Exercise objective:
Write out each line below exactly as it appears.

Data supplied:
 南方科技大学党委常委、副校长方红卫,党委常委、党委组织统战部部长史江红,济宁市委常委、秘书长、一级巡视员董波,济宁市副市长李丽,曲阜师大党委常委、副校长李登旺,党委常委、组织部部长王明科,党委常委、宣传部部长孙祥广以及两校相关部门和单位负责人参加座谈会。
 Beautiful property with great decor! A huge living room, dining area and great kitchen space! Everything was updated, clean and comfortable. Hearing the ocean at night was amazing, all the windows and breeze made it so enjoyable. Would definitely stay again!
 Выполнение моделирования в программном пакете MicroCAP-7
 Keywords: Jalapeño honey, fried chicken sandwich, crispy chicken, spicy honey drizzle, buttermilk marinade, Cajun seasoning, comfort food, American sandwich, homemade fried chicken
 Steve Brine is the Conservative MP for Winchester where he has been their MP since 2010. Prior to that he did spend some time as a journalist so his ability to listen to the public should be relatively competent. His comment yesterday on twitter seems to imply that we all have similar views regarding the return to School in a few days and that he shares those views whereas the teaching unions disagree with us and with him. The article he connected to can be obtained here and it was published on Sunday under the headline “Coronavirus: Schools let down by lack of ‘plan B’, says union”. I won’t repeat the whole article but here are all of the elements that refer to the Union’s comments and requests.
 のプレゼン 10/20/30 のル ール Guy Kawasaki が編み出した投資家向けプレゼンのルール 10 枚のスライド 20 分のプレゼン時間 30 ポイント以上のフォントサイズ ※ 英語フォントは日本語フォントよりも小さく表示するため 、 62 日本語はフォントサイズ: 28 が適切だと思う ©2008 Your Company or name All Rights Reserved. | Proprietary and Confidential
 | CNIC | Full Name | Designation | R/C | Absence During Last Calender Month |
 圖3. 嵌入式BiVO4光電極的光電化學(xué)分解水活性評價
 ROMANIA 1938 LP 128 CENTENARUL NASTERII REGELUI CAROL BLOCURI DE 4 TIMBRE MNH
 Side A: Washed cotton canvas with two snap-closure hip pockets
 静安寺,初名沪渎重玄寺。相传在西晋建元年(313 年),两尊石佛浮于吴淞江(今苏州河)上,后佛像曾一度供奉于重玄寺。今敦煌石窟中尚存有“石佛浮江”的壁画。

Your response:
 南方科技大学党委常委、副校长方红卫,党委常委、党委组织统战部部长史江红,济宁市委常委、秘书长、一级巡视员董波,济宁市副市长李丽,曲阜师大党委常委、副校长李登旺,党委常委、组织部部长王明科,党委常委、宣传部部长孙祥广以及两校相关部门和单位负责人参加座谈会。
 Beautiful property with great decor! A huge living room, dining area and great kitchen space! Everything was updated, clean and comfortable. Hearing the ocean at night was amazing, all the windows and breeze made it so enjoyable. Would definitely stay again!
 Выполнение моделирования в программном пакете MicroCAP-7
 Keywords: Jalapeño honey, fried chicken sandwich, crispy chicken, spicy honey drizzle, buttermilk marinade, Cajun seasoning, comfort food, American sandwich, homemade fried chicken
 Steve Brine is the Conservative MP for Winchester where he has been their MP since 2010. Prior to that he did spend some time as a journalist so his ability to listen to the public should be relatively competent. His comment yesterday on twitter seems to imply that we all have similar views regarding the return to School in a few days and that he shares those views whereas the teaching unions disagree with us and with him. The article he connected to can be obtained here and it was published on Sunday under the headline “Coronavirus: Schools let down by lack of ‘plan B’, says union”. I won’t repeat the whole article but here are all of the elements that refer to the Union’s comments and requests.
 のプレゼン 10/20/30 のル ール Guy Kawasaki が編み出した投資家向けプレゼンのルール 10 枚のスライド 20 分のプレゼン時間 30 ポイント以上のフォントサイズ ※ 英語フォントは日本語フォントよりも小さく表示するため 、 62 日本語はフォントサイズ: 28 が適切だと思う ©2008 Your Company or name All Rights Reserved. | Proprietary and Confidential
 | CNIC | Full Name | Designation | R/C | Absence During Last Calender Month |
 圖3. 嵌入式BiVO4光電極的光電化學(xué)分解水活性評價
 ROMANIA 1938 LP 128 CENTENARUL NASTERII REGELUI CAROL BLOCURI DE 4 TIMBRE MNH
 Side A: Washed cotton canvas with two snap-closure hip pockets
 静安寺,初名沪渎重玄寺。相传在西晋建元年(313 年),两尊石佛浮于吴淞江(今苏州河)上,后佛像曾一度供奉于重玄寺。今敦煌石窟中尚存有“石佛浮江”的壁画。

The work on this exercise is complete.